Despite the doctrine of my childhood, by which women should not take pride in their “braided hair” (1 Timothy 2:9 “ likewise also that women should adorn themselves in respectable apparel, with modesty and self-control, not with braided hair and gold or pearls or costly attire,”), to name just one of the many abhorrent bible quotes dealing with modesty and submission of the female gender, my dad did get shocked, when I got my hair cut for the first time in my life. Maybe women themselves weren’t allowed to take pride in their hair, but their fathers were.
I was about nine years old and up until then, I wore my hair long and in two braids on regular days. The daily ritual of braiding a not so pleasant experience, as long as my mom did it for me.

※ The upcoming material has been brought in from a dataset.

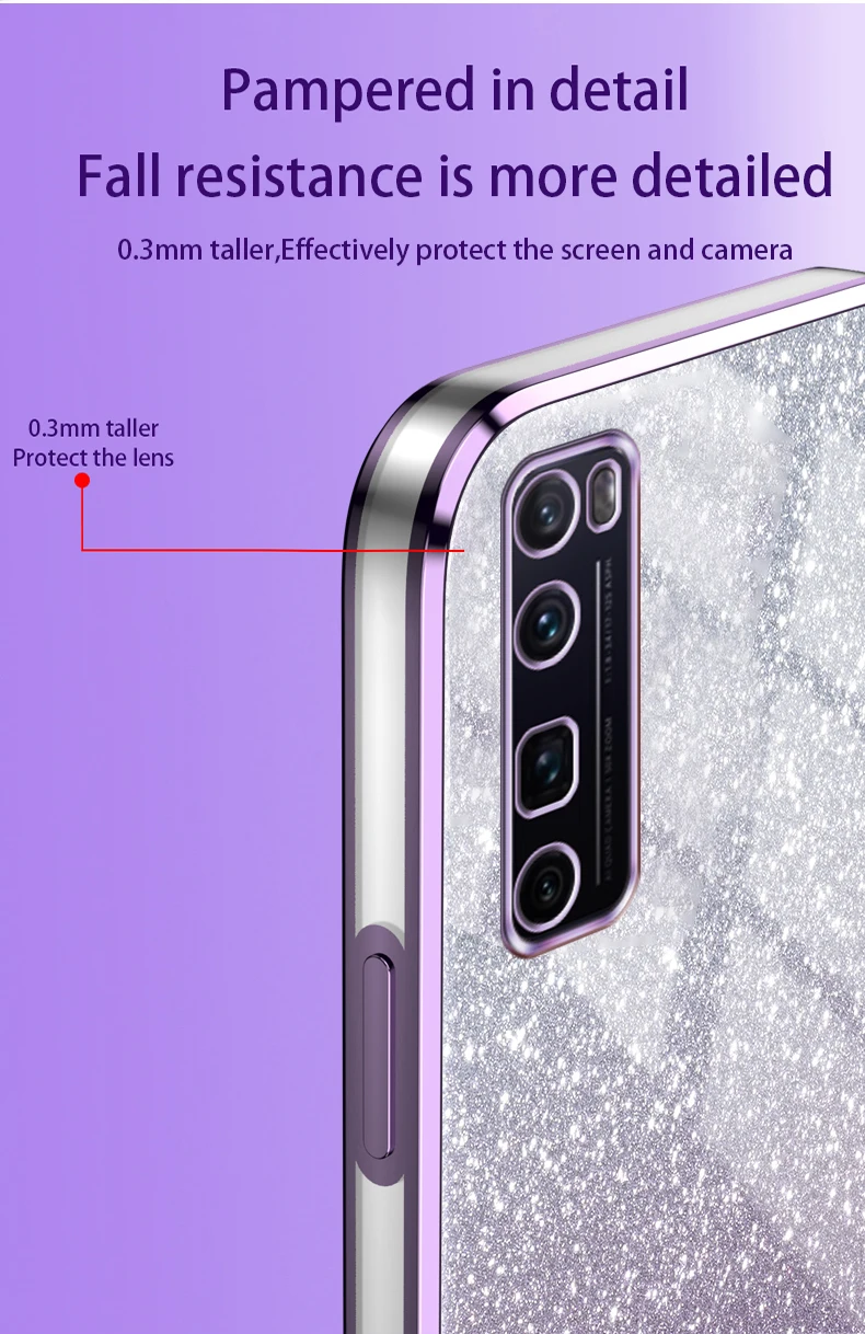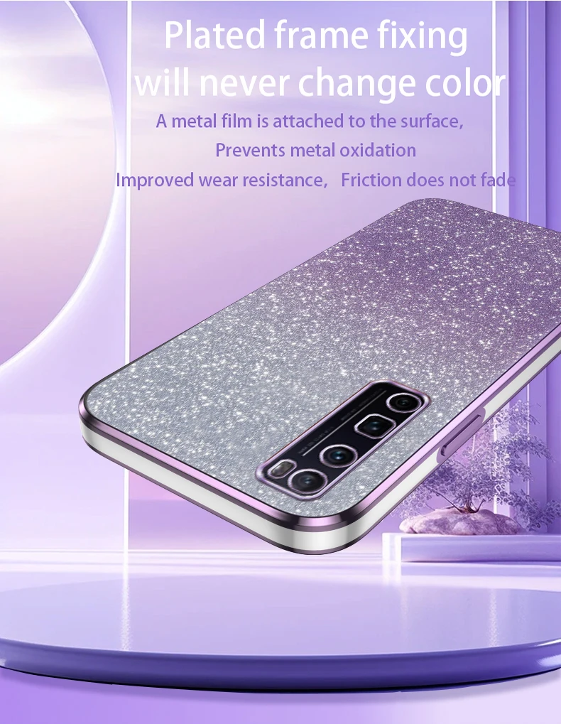 Comprar Funda de teléfono para Huawei nova 7 SE, carcasa trasera de silicona chapada en purpurina degradada de lujo, nova 7 Pro

She braided really tight, to have me look “ordentlich”(neat) all day long.
On special occasions I was allowed to leave it open and it floated down my back freely. I liked the swoosh sounds it made, whenever I was allowed to wear it open, so I continuously shook my head a little on such days, to hear it.
I got it in my head to do away with the braids, I thought I had well grown out of. And secretly, I was after hearing the swooshing sound every day. So I begged and nagged my mom for quite some time to let me have my hair cut (later she told me, she was hesitant to agree, because she was worried about my dad’s reaction). Finally, she did take me to the hairdresser’s, who took the scissors to the dark fur of mine with a sigh. I thought, the new haircut looked great, just a little more than shoulder lenght. And my head felt all light, with so little weight left on it. The sensation (and swooshes) only lasted a few days, but I still recall it being great. My dad’s reaction that day was not so great. He was really shocked. His first remark to my mom was: “You brought a boy home.” He turned away to hide tears welling up. This really hit me. Up until then, I wasn’t aware, that he cared at all. I felt really bad, but I couldn’t help liking the new me.
Writing this, I realise, that this little incident was maybe the first one, on which I made a choice for myself, that would hurt my father deeply. Many more would follow.
How on earth did I get here? My intention was, to write about getting a haircut, yesterday. How I made my hairdresser happy, by announcing, she could do what ever she wanted, as I was ready for a change. How she beamed at the mirror from behind, explaining what she intended to do. As a result, I am running around with a pageboy cut. I think, it looks ok, but am not overly happy. The fun, my hairdresser had, makes up for it. Having said that, I am usually not very happy, leaving any hairdresser. I just don’t enjoy going. First, I don’t like strangers fiddling about with my body (this is why I hate massages, too). Second, I don’t like having to sit still. I am impatient. Third, the results of a fresh haircut seem to look unnatural, always. It takes a while, until I and my hair grow back into feeling “normal” again.
All reasons, to keep visits to a hairdresser down to a bare minimum. Depending on how short I wear my hair, that has been on average two to three times a year for the last couple of years. There was even a span of ten or so years, where I would not go to any hairdresser at all. After I left my husband, I decided to grow my hair back to the lenght I had as a child. So I just dealt with the fringes myself and otherwise let it grow as it wanted. Once a year, my sister would cut any damaged tips across in a straight line at the back. That was it. But it wasn’t coming back to the former lenght and glory, of course, with time having taken it’s toll.
One day I realised, that nothing would make me a girl anymore. I noticed a woman in her fifties on the street, with a similar hairdo to mine, even with similar streaks of grey in it and thought, she would look much better, wearing her hair a lot shorter. So I ended my mission and had a proper haircut again. But I still fight any suggestions to colour it. I quite like the grey.